**Task input:**
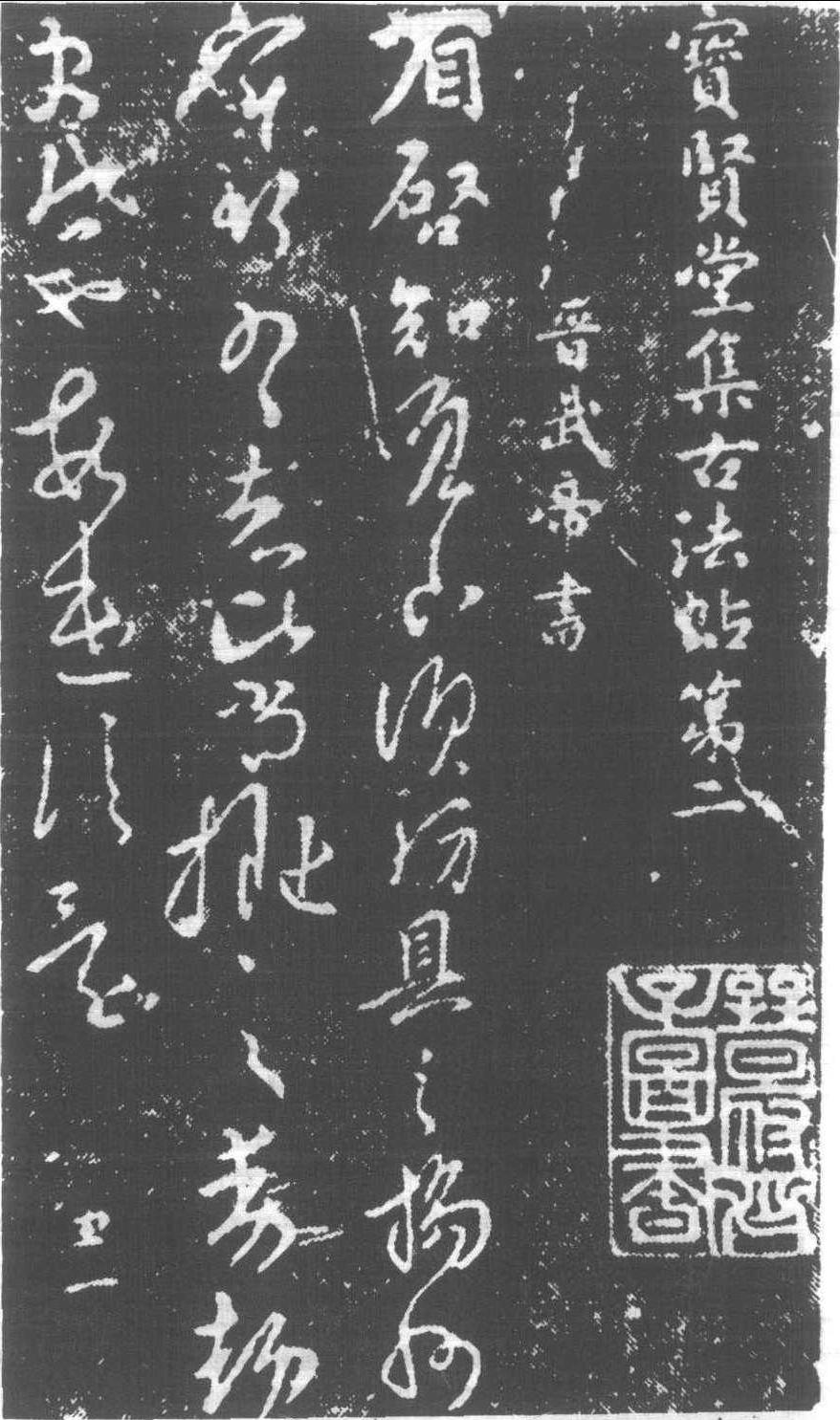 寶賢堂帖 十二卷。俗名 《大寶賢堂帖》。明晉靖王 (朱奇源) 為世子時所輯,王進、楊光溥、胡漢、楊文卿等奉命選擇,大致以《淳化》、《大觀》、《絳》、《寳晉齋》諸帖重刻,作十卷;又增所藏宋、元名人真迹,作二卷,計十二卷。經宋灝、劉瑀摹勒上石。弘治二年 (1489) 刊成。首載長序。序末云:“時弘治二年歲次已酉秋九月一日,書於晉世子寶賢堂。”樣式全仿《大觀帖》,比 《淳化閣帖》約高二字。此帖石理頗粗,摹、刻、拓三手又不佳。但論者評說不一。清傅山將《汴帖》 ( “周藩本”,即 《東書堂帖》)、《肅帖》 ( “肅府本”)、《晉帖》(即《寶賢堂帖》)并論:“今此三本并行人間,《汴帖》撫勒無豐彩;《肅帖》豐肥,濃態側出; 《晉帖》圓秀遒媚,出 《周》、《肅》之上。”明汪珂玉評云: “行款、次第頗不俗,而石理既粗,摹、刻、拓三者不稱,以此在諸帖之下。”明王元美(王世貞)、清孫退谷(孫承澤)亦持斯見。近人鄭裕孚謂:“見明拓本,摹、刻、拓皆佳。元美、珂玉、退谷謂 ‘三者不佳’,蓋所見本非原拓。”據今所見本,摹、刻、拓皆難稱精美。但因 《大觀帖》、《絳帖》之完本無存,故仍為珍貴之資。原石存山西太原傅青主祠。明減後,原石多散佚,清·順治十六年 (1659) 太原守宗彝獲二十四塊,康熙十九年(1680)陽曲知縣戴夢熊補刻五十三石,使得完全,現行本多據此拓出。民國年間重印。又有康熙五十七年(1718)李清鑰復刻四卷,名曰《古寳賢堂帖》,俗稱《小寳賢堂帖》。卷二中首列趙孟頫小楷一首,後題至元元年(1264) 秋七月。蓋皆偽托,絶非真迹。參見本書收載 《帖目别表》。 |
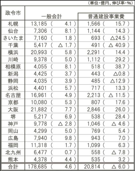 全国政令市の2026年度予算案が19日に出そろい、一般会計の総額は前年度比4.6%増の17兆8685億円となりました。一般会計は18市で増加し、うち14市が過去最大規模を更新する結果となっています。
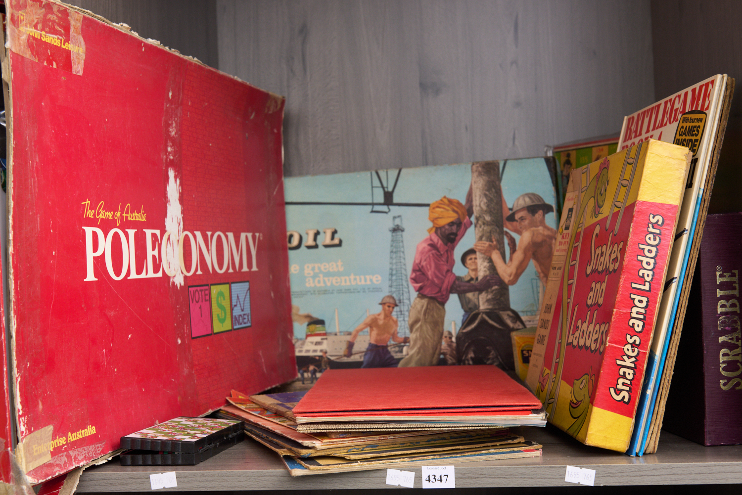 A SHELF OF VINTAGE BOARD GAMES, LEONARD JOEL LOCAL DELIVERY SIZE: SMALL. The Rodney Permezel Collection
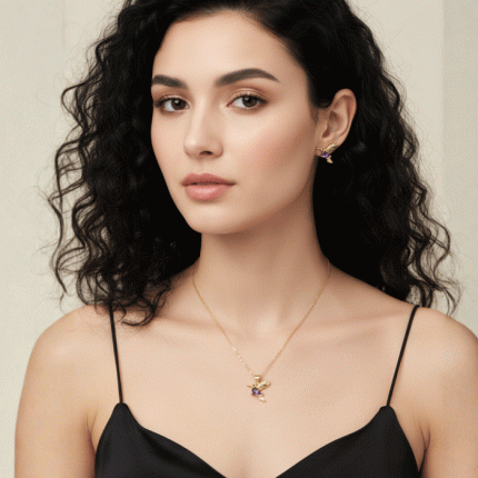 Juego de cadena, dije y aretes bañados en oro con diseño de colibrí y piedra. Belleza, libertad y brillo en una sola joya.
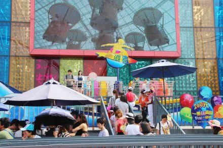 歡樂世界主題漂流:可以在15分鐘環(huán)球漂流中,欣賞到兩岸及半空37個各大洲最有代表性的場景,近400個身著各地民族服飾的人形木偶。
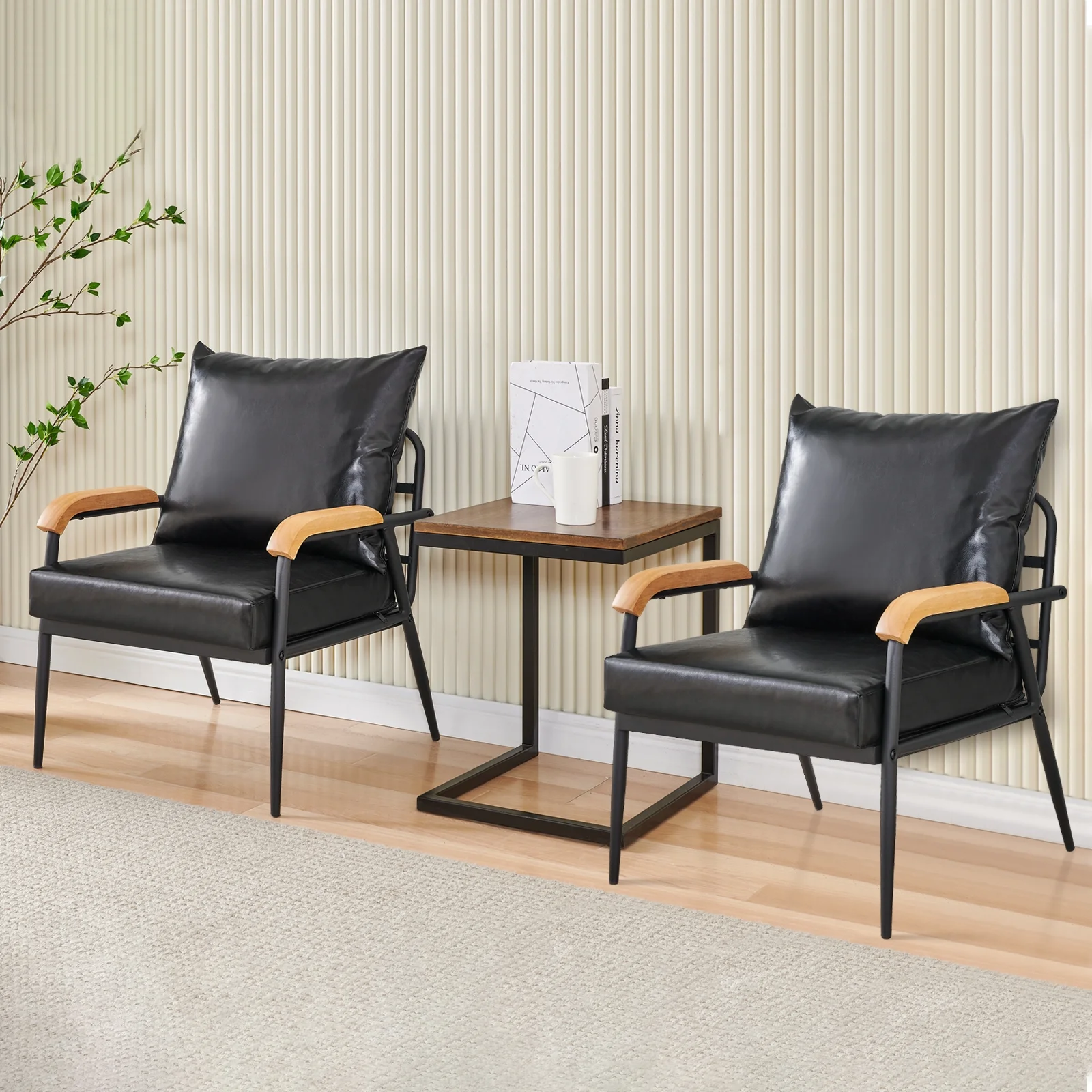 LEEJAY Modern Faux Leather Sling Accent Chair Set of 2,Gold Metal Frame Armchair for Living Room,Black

**Exercise aim:**
Could you set down the data exactly as given, minus its pictures?

**Exercise result:**
 寶賢堂帖 十二卷。俗名 《大寶賢堂帖》。明晉靖王 (朱奇源) 為世子時所輯,王進、楊光溥、胡漢、楊文卿等奉命選擇,大致以《淳化》、《大觀》、《絳》、《寳晉齋》諸帖重刻,作十卷;又增所藏宋、元名人真迹,作二卷,計十二卷。經宋灝、劉瑀摹勒上石。弘治二年 (1489) 刊成。首載長序。序末云:“時弘治二年歲次已酉秋九月一日,書於晉世子寶賢堂。”樣式全仿《大觀帖》,比 《淳化閣帖》約高二字。此帖石理頗粗,摹、刻、拓三手又不佳。但論者評說不一。清傅山將《汴帖》 ( “周藩本”,即 《東書堂帖》)、《肅帖》 ( “肅府本”)、《晉帖》(即《寶賢堂帖》)并論:“今此三本并行人間,《汴帖》撫勒無豐彩;《肅帖》豐肥,濃態側出; 《晉帖》圓秀遒媚,出 《周》、《肅》之上。”明汪珂玉評云: “行款、次第頗不俗,而石理既粗,摹、刻、拓三者不稱,以此在諸帖之下。”明王元美(王世貞)、清孫退谷(孫承澤)亦持斯見。近人鄭裕孚謂:“見明拓本,摹、刻、拓皆佳。元美、珂玉、退谷謂 ‘三者不佳’,蓋所見本非原拓。”據今所見本,摹、刻、拓皆難稱精美。但因 《大觀帖》、《絳帖》之完本無存,故仍為珍貴之資。原石存山西太原傅青主祠。明減後,原石多散佚,清·順治十六年 (1659) 太原守宗彝獲二十四塊,康熙十九年(1680)陽曲知縣戴夢熊補刻五十三石,使得完全,現行本多據此拓出。民國年間重印。又有康熙五十七年(1718)李清鑰復刻四卷,名曰《古寳賢堂帖》,俗稱《小寳賢堂帖》。卷二中首列趙孟頫小楷一首,後題至元元年(1264) 秋七月。蓋皆偽托,絶非真迹。參見本書收載 《帖目别表》。 |
 全国政令市の2026年度予算案が19日に出そろい、一般会計の総額は前年度比4.6%増の17兆8685億円となりました。一般会計は18市で増加し、うち14市が過去最大規模を更新する結果となっています。
 A SHELF OF VINTAGE BOARD GAMES, LEONARD JOEL LOCAL DELIVERY SIZE: SMALL. The Rodney Permezel Collection
 Juego de cadena, dije y aretes bañados en oro con diseño de colibrí y piedra. Belleza, libertad y brillo en una sola joya.
 歡樂世界主題漂流:可以在15分鐘環(huán)球漂流中,欣賞到兩岸及半空37個各大洲最有代表性的場景,近400個身著各地民族服飾的人形木偶。
 LEEJAY Modern Faux Leather Sling Accent Chair Set of 2,Gold Metal Frame Armchair for Living Room,Black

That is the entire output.